Speaking of being totally wrong, have you ever thought to yourself: "flash mobs are the worst things ever. There is no way they could be any worse"? Well you're wrong AGAIN! Above is a trailer for a new Fox show called Mobbed which actually contains the line: "Flash mobs: No one has ever captured their power… Until now!"

I wish it was my job to write slogans for TV shows. Can you imagine how much someone got paid to think that up? "It has to make sense" isn't even a requirement. I would have gone with "Flash mobs: How the fuck are we going to make these into a TV show?"

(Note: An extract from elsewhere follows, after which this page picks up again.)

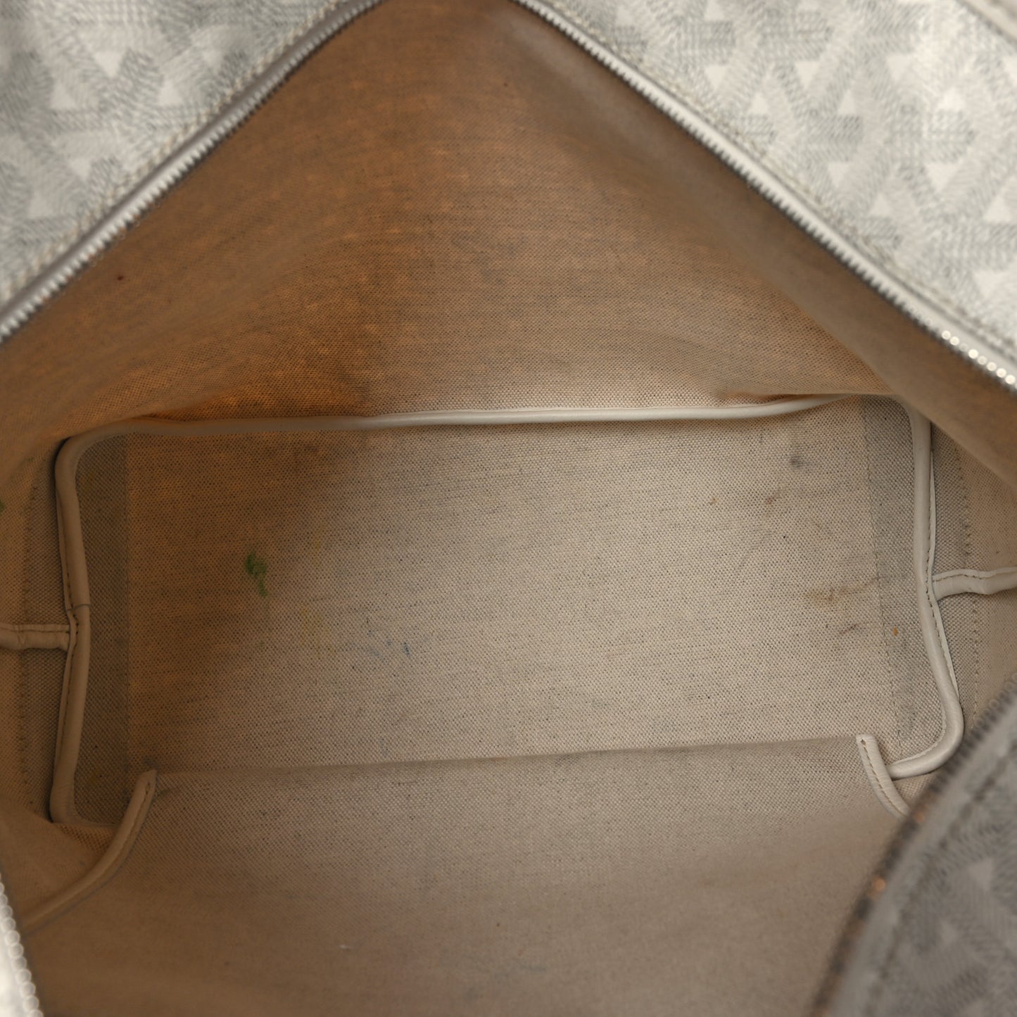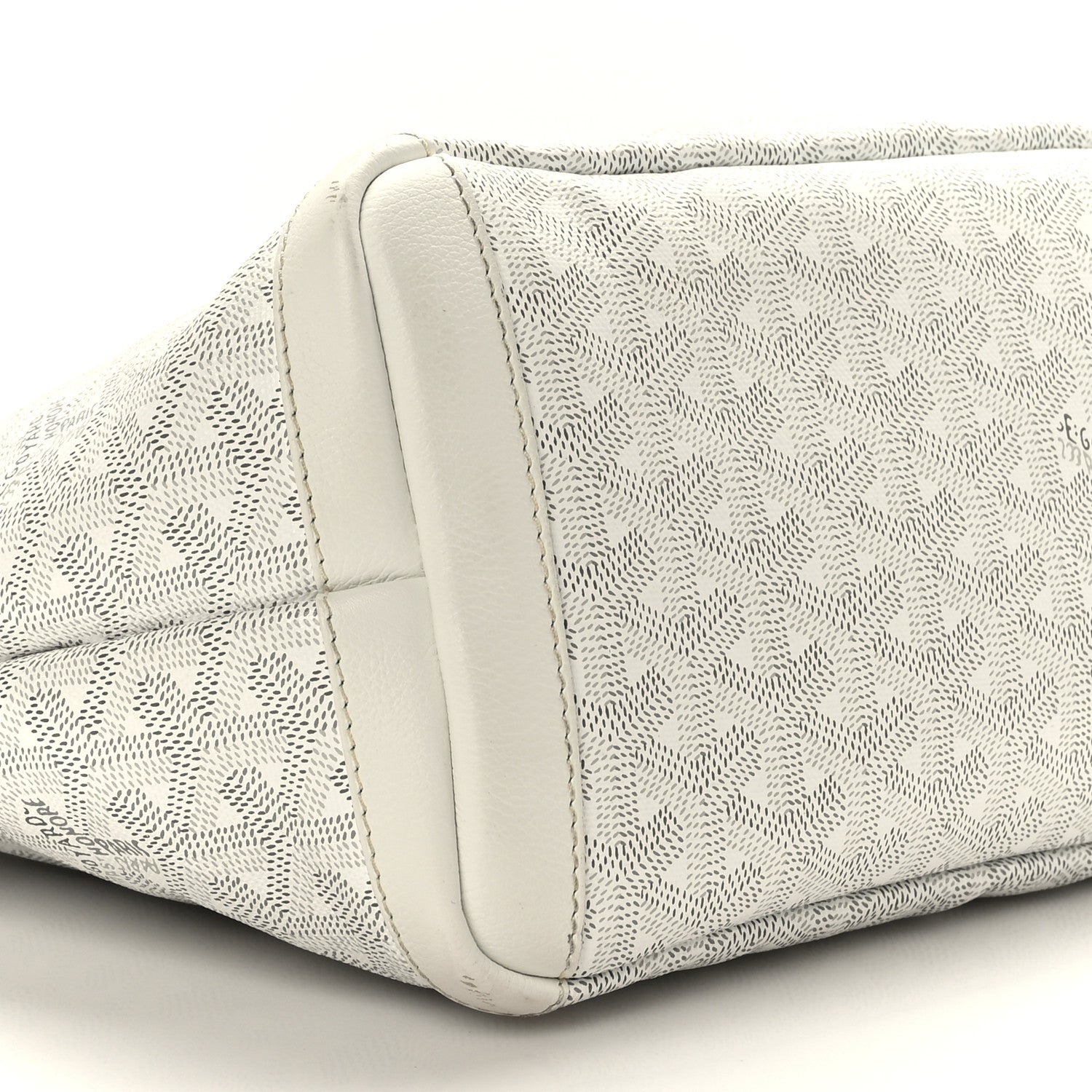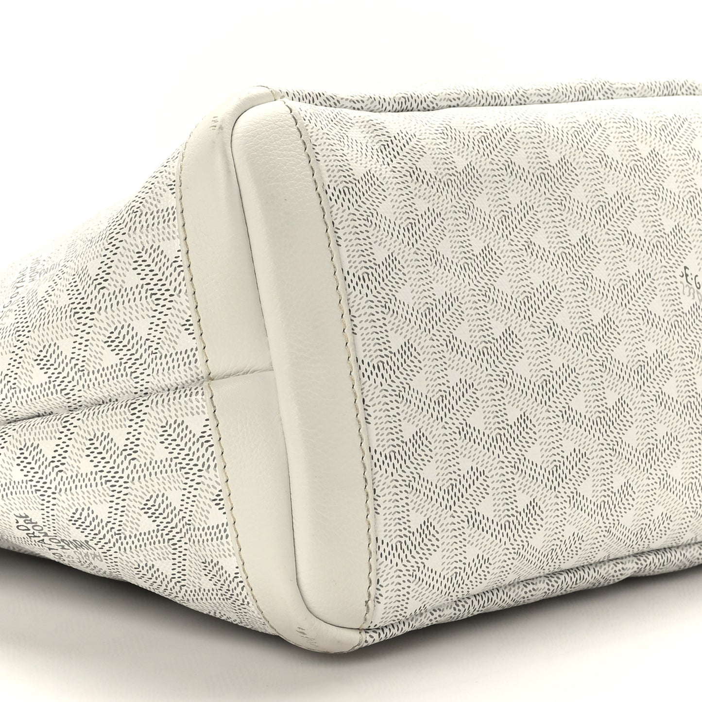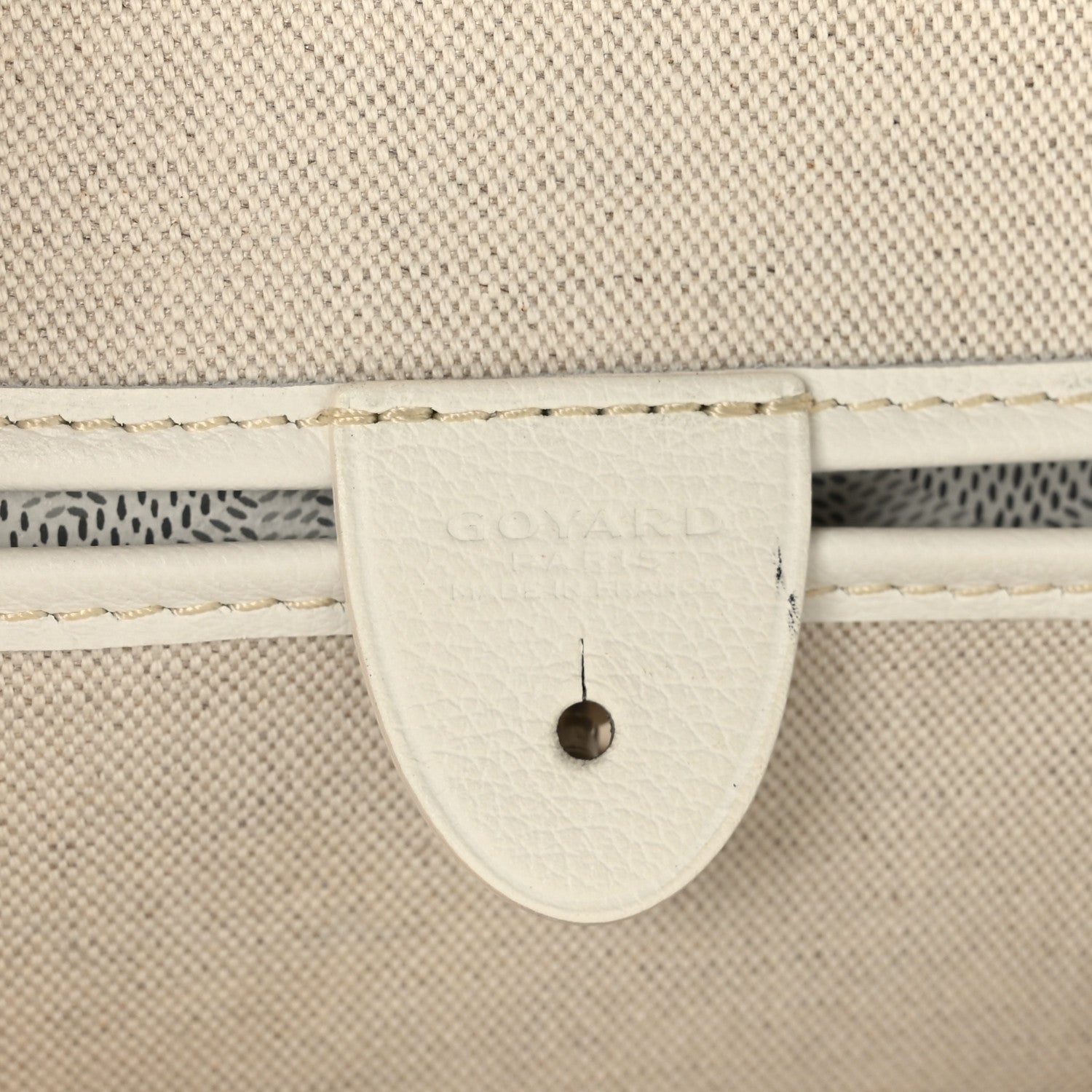 This is an authentic GOYARD Goyardine Artois PM White. This tote is crafted of goyardine-coated canvas with its iconic chevron pattern. It features a white leather trim including strap handles, top trim, and protective corner patches. The top zipper opens to a spacious off-white canvas interior with a hanging patch pocket.Follow this item for alerts. Goyard is a registered trademark of Goyard. FASHIONPHILE is not affiliated with Goyard.
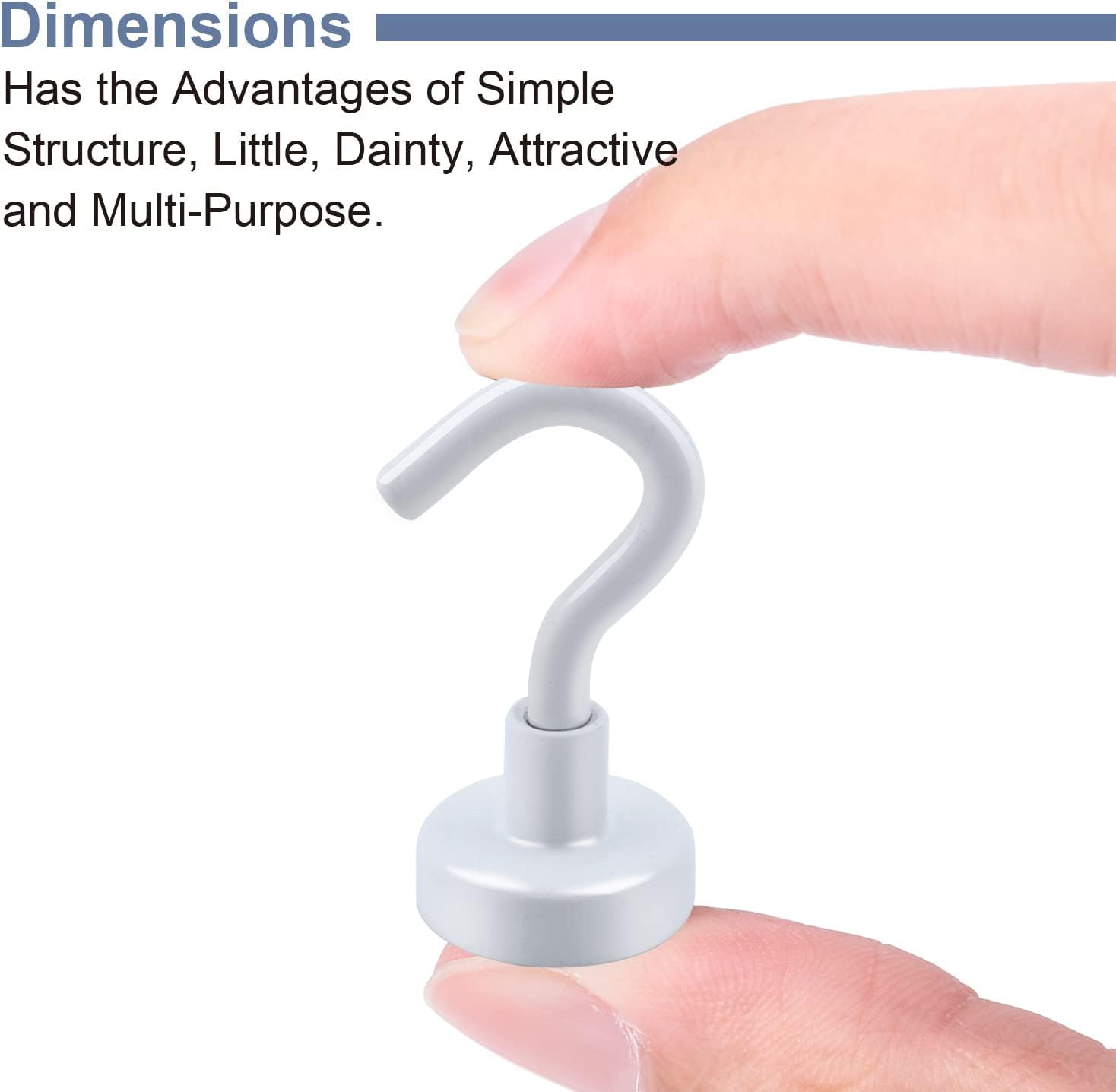 - Convenient Size To Carry:Our powerful magnetic hooks are made of high-quality neodymium magnets, metal base and detachable metal hooks. Each set includes 20 magnetic hooks, with a diameter of 0.63 inches and a height of 1.38 inches. The precision workmanship and small size are very convenient for carrying and using

LAS VEGAS TRANSFORMS INTO GARDEN OF EDEN AS SKYY® UNVEILS FIRST NATIONALLY AVAILABLE DRAGON FRUIT INFUSED VODKA

Speaking of writing bullshit things for a living, how awful would it be if your job was writing press releases? I got a painfully overwritten one earlier about the launch of something called "SKYY Infusions® Dragon Fruit". It contains almost 1000 words. That's 1/10th of a dissertation. You can read the whole thing here if you hate yourself, if not, here are some of my favourite lines from it:

- "slithering sirens entrancing the crowd and tempting them with delectable cocktails made from the forbidden fruit once treasured by Asian royalty"

- "inspired by exotic locales and sultry culinary trends"

- "the playfully seductive actress and comedian"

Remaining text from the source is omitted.